This is too small a world—two photographers discussing digital workflow in the soy milk aisle. His evening I ran into Kim Zumwalt at the food coop—she had just picked up her copy of Bruce Fraser’s Camera Raw with Photoshop CS2 at Barnes & Noble. Mine showed up today from Amazon. It would have been so nice to have had this three days ago, before I processed 2000 images, but oh well. A quick scan of the book is already clearing up much of my fog about Bridge and the new RAW interface.

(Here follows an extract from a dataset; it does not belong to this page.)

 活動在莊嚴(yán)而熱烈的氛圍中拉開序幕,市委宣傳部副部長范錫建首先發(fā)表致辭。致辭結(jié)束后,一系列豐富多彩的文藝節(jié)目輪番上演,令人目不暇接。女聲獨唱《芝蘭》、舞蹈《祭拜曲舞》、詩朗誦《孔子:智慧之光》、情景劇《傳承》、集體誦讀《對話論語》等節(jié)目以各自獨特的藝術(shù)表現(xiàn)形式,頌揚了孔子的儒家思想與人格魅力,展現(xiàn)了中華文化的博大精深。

First off, the book makes a compelling argument for converting proprietary RAW camera formats to the open source Adobe DNG image format. The big advantage I see is to never again have to deal with those pesky sidecar files where all your edits are stored. DNG incorporates the adjustment data in the image file—all other formats keep the data in a separate XMP file that needs to travel with the image file. If you move your files around only in Bridge or Photoshop, the sidecars travel automatically. But Bridge is a truly lousy file manager. If you use anything else to move a file, you have to make sure you manually move the sidecar file too. Never, ever, however, select in the Preferences to keep the data in a central database instead of in sidecar files. It means your RAW adjustments will never travel into your back-up archive, or to any other computer.

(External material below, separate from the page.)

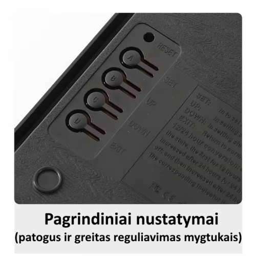 • Modernus ir ryškus dizainas – elegantiškas skaitmeninis ekranas suteikia aiškų ir lengvai skaitomą laiką, papildydamas bet kurį interjerą ar darbo erdvę.

Since I had to learn this new version of Photoshop eventually, I edited this massive University of Chicago shoot in Bridge. I don’t quite understand the implications of this (and apparently there are some), but Bridge operates on two modes, which explains my frustration about getting dumped into Photoshop inadvertently when I’m processing. If in Bridge you select a file and press Enter, you’ve opened the RAW convertor in Photoshop. If you open a image by double clicking, you’ve opened the RAW convertor in Bridge. Tomorrow I’ll be able to tell you what the difference is. Right now I haven’t a clue.